Рядом подавилась собственным криком заполошная Акулька.
* * *Губы Туза дернуло судорогой: улыбка? слово ли пробилось?
– Пшшш… – ровно шипение гадючье.
"Пришли…" – Федор скорее угадал, чем услышал сказанное. Куда и делось все: память о встрече с князем-жандармом, горькая обида на Княгиню, гадливость от присутствия в баркасе румяного старичка! – осталось лишь вот это шипение, которое невидимый толмач глумливо превращал в речь человеческую.
– Ссшшассс… узсс…
"Сейчас узнаем," – Федор ясно понимал: и рад бы оглохнуть, да вряд ли поможет.
– Пссст… прссст…
"Пусть приступает."
Двое "клетчатых" обломов осторожно, будто величайшую драгоценность, подняли кресло со старухой. Понесли в глубь двора. Семеня мелко-мелко, в ногу: не дай бог, раструсим! Туда, к дощатому столу под навесом, где стоял гроб без крышки. Гроб-то Федор еще от ворот приметил, до сих пор гадал: кто во гробе том?
На нежную деву, спящую в ожидании Федькиного поцелуя, парень мало рассчитывал.
Акулька-дуреха, конечно же, вперед батьки в пекло сунулась. Глянула в домовину открытую – и обратно девку кинуло. Бледная разом стала: не девка, рубаха холщовая, свежестираная. Куда и загар ромский подевался!
Аж одежа цветастая плесенью поблекла.
Сам Федор смотреть не очень-то и хотел. Не любил он мертвяков. Так, скосил глаз с высоты своего немаленького роста, и тоже отвернулся. Чего зря пялиться? Гречанка там лежит. Та самая, что в прошлый раз их на дороге встречала. Одна загвоздка: как и узнал-то покойницу? – впору удивиться. Потому как вместо лица у гречанки сплошь клочья рваные. Вместо щек – клочья. Вместо губ – клочья. Вместо носа знатного, длинномерного – клочья. Вместо…
И глаз нету.
Совсем.
Затошнило парня. Подкатило к горлу гнилым комом; еле сдержался. На память морг мордвинский пришел. Там тоже… тоже… и князь-жандарм в цивильном, с улыбкой его неулыбчивой – тоже. Только у мордвинской покойницы, которую до поры в прикупе держали, масть бубновая на лбу обозначена была, а у гречанки нету масти.
Уверенность вошла в Федора: должна быть масть! Должна! И Тузихины страсти-мордасти, что Рашка им тогда в телеге показывала – везде у мертвяков изувеченных масти были! А вот поди ж ты…
– Ссстт… хррд-д…
"Станьте рядом," – здесь и толмач-то сплоховал, припоздал сразу разъяснить.

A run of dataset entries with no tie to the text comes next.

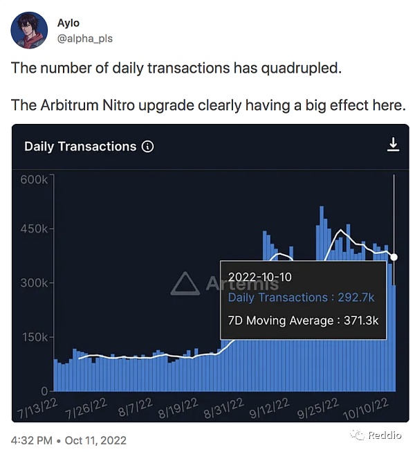Arbitrum 已经发布了他们的旗舰升级产品:Nitro。截至目前,他们在任何通用 Rollup 中获得了最多的采用。尽管目前处于熊市,但 Arbitrum 网络的每日交易数已增长了 4 倍,日活跃用户数翻了一番。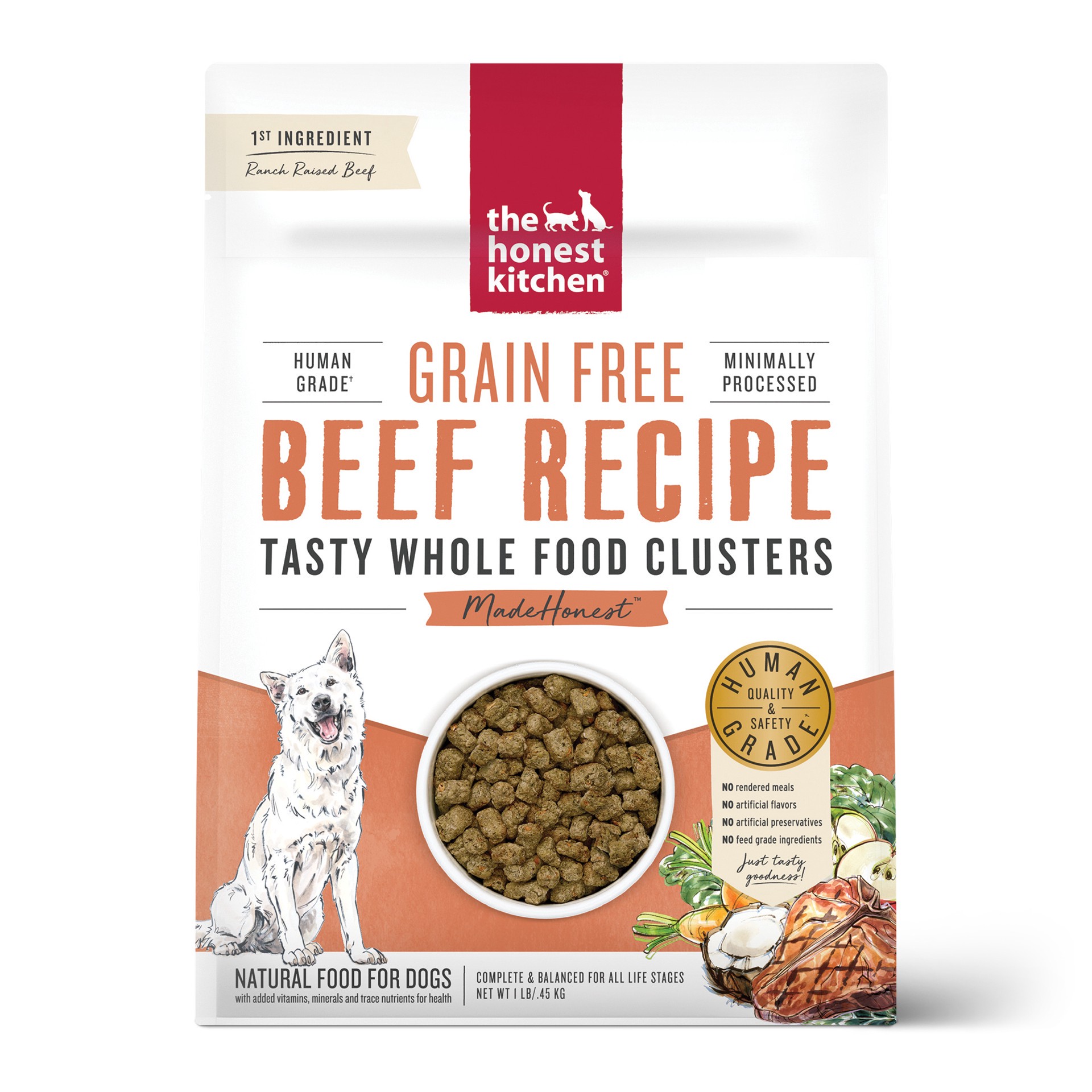 slide 8 of 8, The Honest Kitchen Whole Food Clusters Whole Food Clusters Grain Free Beef Dry Dog Food, 1 lb Trial Pouch, 1 lb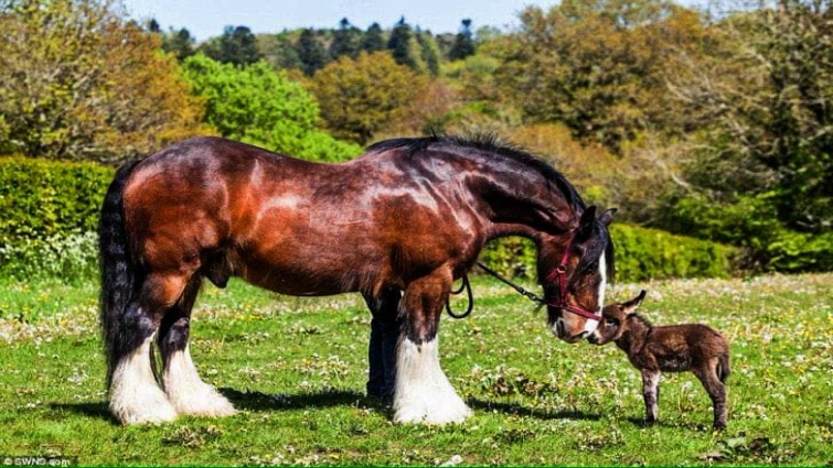 6.The size contrast between this huge Clydesdale and this little donkey is amazing. The donkey’s whole head could fit into one of the Clydesdale’s nostrils!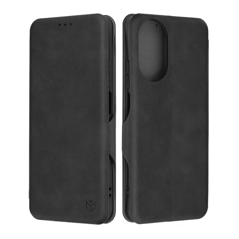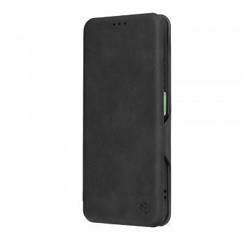 Pouzdro Techsuit Safe Wallet Plus se pyšní elegantním černým provedením s jemnou texturou, která dodává pouzdru sofistikovaný vzhled a příjemný pocit na dotek. Jedná se o typ "flipového" pouzdra, které kompletně chrání váš telefon ze všech stran. Přední strana pouzdra je hladká a minimalistická, s decentním logem Techsuit v dolní části.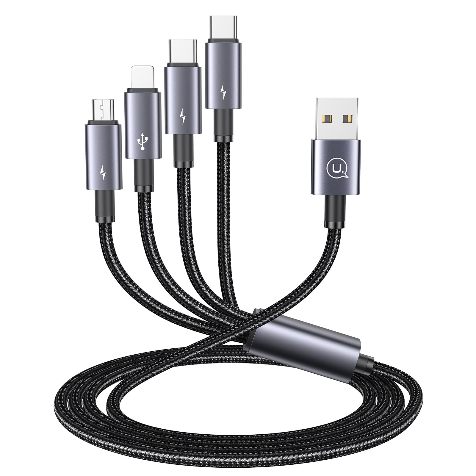 4 in 1 充電ケーブル 急速充電 USB Type-C/USB Type-C/IP/Micro 1本4役 4台同時充電 USB充電ケーブル 高速データ転送 高耐久ナイロン編み タイプC ケーブル タイプC ケーブル 多機種対応 1.2M ブラック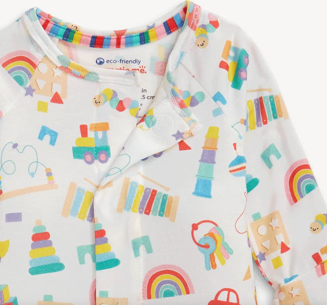 - Magnetic closures: magnets line the seam from the neck to upper thigh for sizes up to 0-3m & from neck to crotch for sizes 3-6m and up.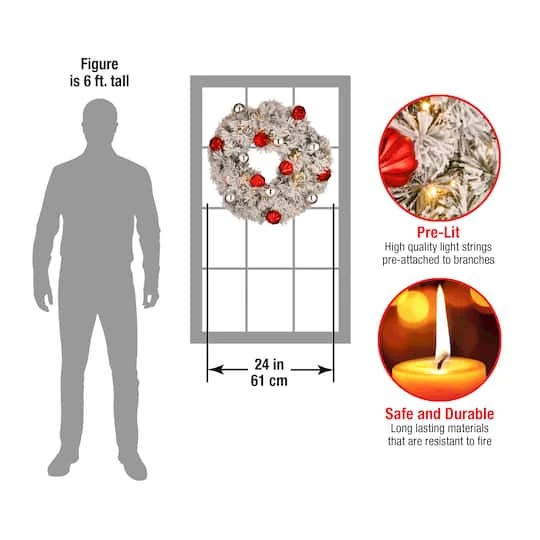 The Snowy Bristle Pine features wide bristle branch tips sprinkled with snow and trimmed with shiny red and silver ball ornaments. It is pre-strung with 50 battery-operated warm white LED lights that are energy-efficient and long lasting. 6 hours on/18 hours off timed operation. This wreath can be displayed on doors, walls and windows in indoor or outdoor locations.

Задержался парень на месте; затоптался.
И вдруг из кресла ясно, отчетливо, прежним голосом:
– Только козыри. А детей… детей не надо.
Поймал Федор короткий Рашкин взгляд. Ладно. Не надо детей, значит, не надо. Здесь постоим, в сторонке.

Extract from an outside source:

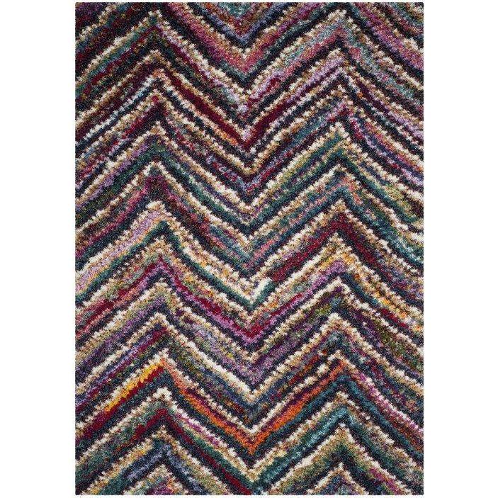 Fiesta Shag FSG363M, a delightful addition to any space. This shag rug features whimsical circle motifs that stand out against the plush pile, creating a playful and vibrant atmosphere. The striking rainbows of color and texture add depth and character to the design, making it a perfect choice for kids' bedrooms, playrooms, or casual family rooms.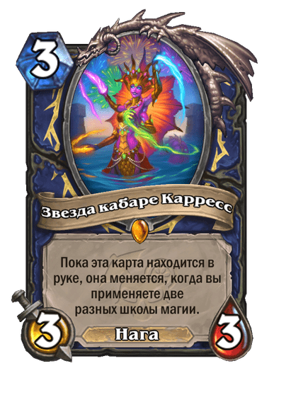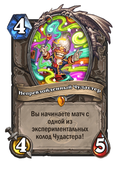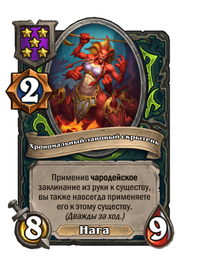 - [2 хронума] 8 атаки, 9 здоровья. Применив чародейское заклинание из руки к существу, вы также навсегда применяете его к этому существу. (Дважды за ход.)

Нам не привыкать, не гордые.
Акульку крестный-Друц подвел за руку, как маленькую. Усадил возле парня, на топчан, где девка в прошлый раз отсыпалась (кажется, целую вечность назад!).
– Сиди тут, пока все не закончится, – приказал настрого. – И с вопросами не лезь. Поняла?

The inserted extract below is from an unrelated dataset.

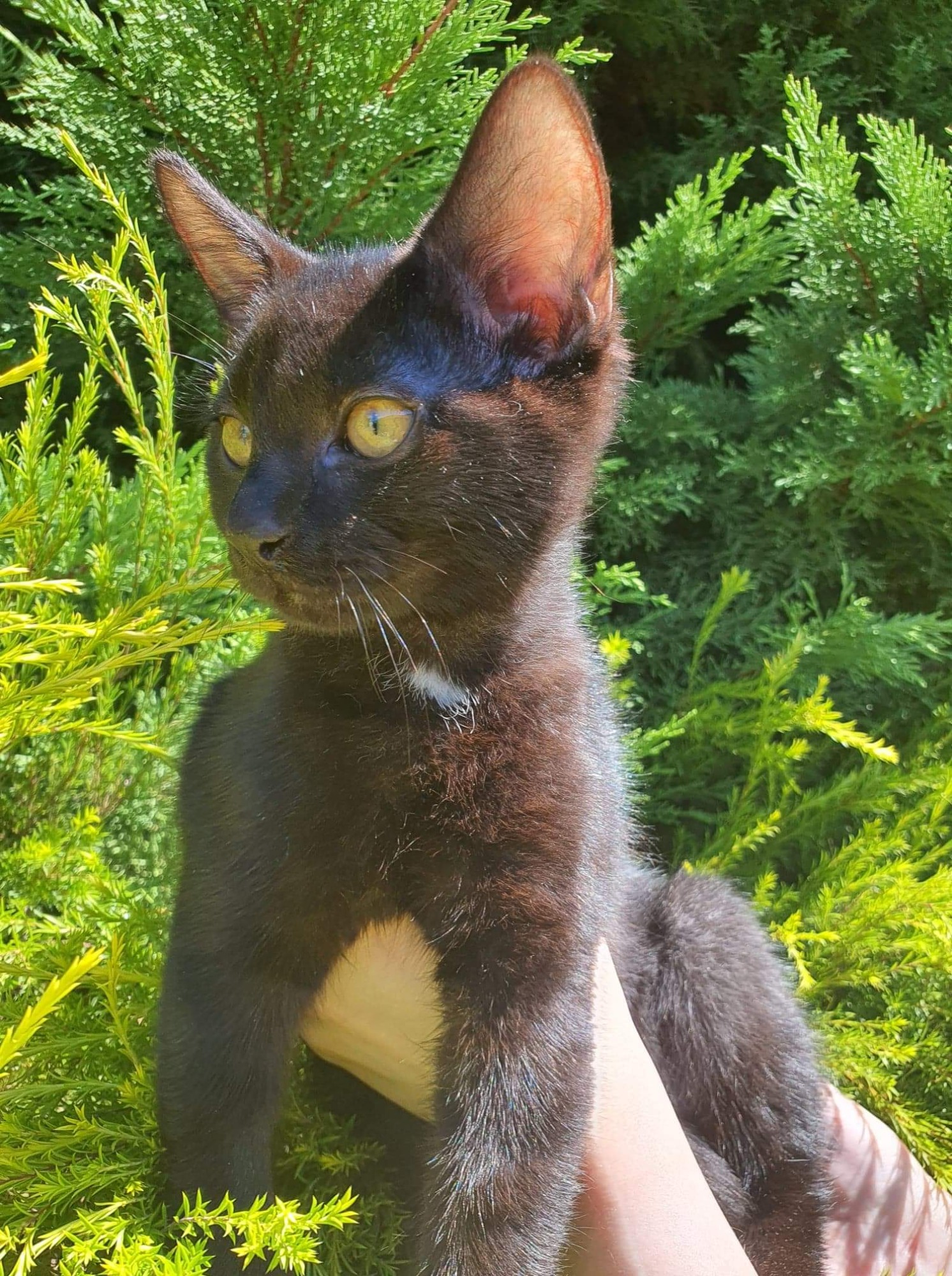 Hunter was found wandering when he was only a very small kitten and was taken to the local vet clinic. Rescue Me Whiskers & Paws were called and Hunter came into foster care. Hunter is desexed, microchipped and fully vaccinated and he has been regularly parasite treated. He is friendly, confident and loves attention! But he is also happy to lay in the window soaking up the sun and watching the world go by. Hunter is a sweet, loving, playful and affectionate boy with a HUGE purr and head bump. He is an incredibly handsome boy with his green eyes and shiny black coat with a tiny white marking on his chest. Hunter has been around other cats, dogs and children. He enjoys chasing ping pong balls and playing with cat teasers. He loves trotting around the house while you go about your daily activities and enjoys snoozing in his warm cosy bed or yours. Once he trusts you he loves to cuddle up and fall asleep on your chest. He just wants his very own family to love and love him in return.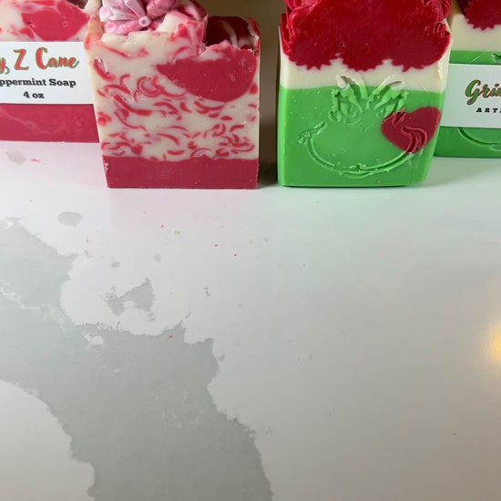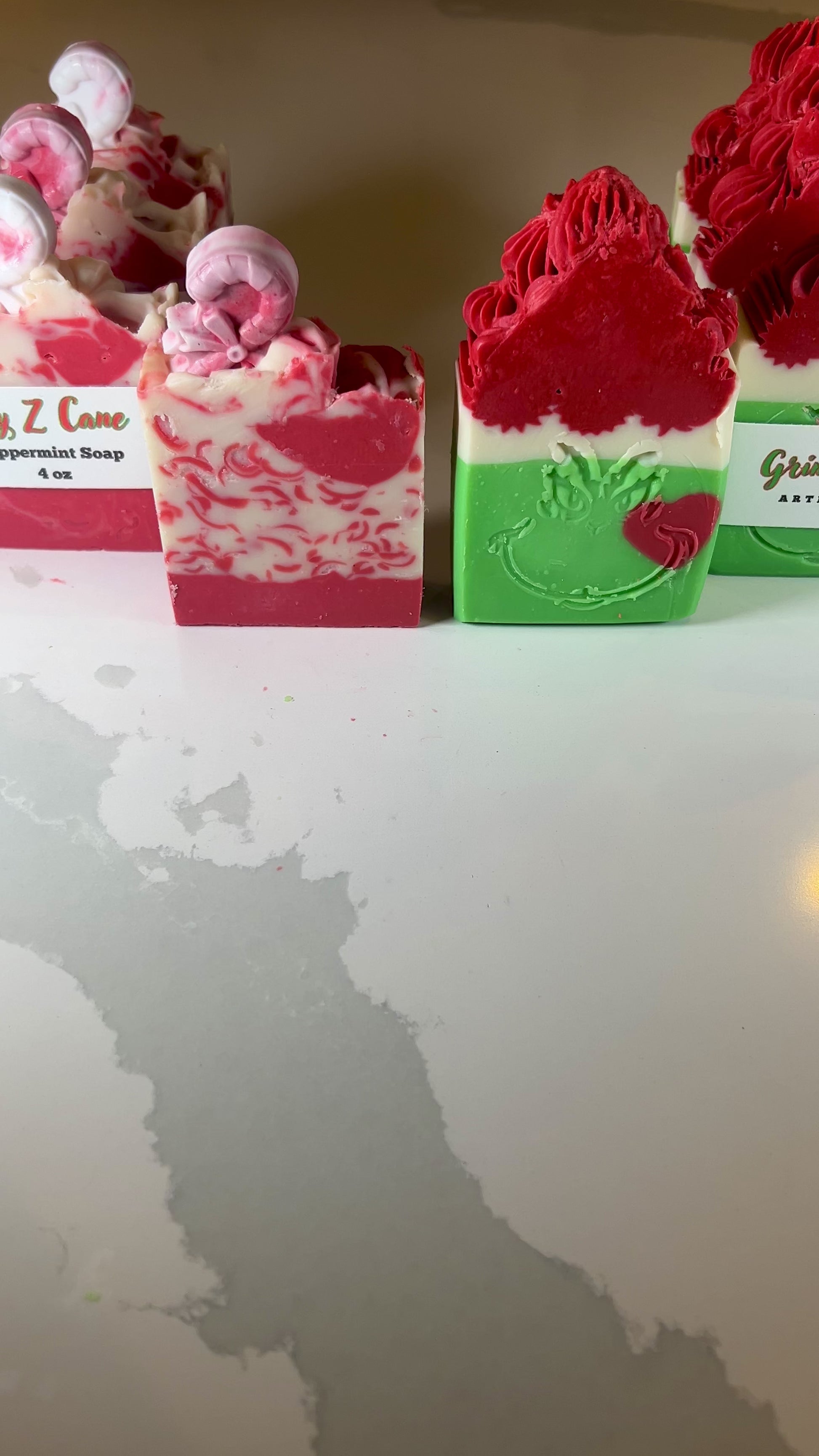 Introducing Key Z Cane Artisan Soap, a limited edition holiday treat for your skin. Infused with the refreshing scent of peppermint, each bar is topped with a mini candy cane for a playful touch. Indulge in the holiday spirit while nourishing your skin with this special soap.

Вернулся к столу погребальному. Встал плечом к плечу с Княгиней; плечи ссутулил, нахохлился – не ром, птица больная. Хищная. Мигом с обеих сторон "клетчатые" надвинулись. Кресло Тузовое напротив примостили, шляпы сбили на затылок – и сюда. Лихие ребята, этим пальца в рот не клади, отхватят по локоть!
Застыли люди почетным караулом, ждут невесть чего.
А вокруг стола старичок вприпрыжку суетится; тот, из баркаса. Ознобишин по фамилии, Петр Валерьяныч, детский доктор. Так он парню по дороге представился. Ну, почему Валерьяныч, это Федору понятно: капли есть в аптеке, для успокоения нервов, ими трагик Полицеймако перед выходом коньяк запивает. А почему Ознобишин – тоже ясно. До сих пор трусит. Хорош доктор: сам в озноб введет, сам упокоит… успокоит.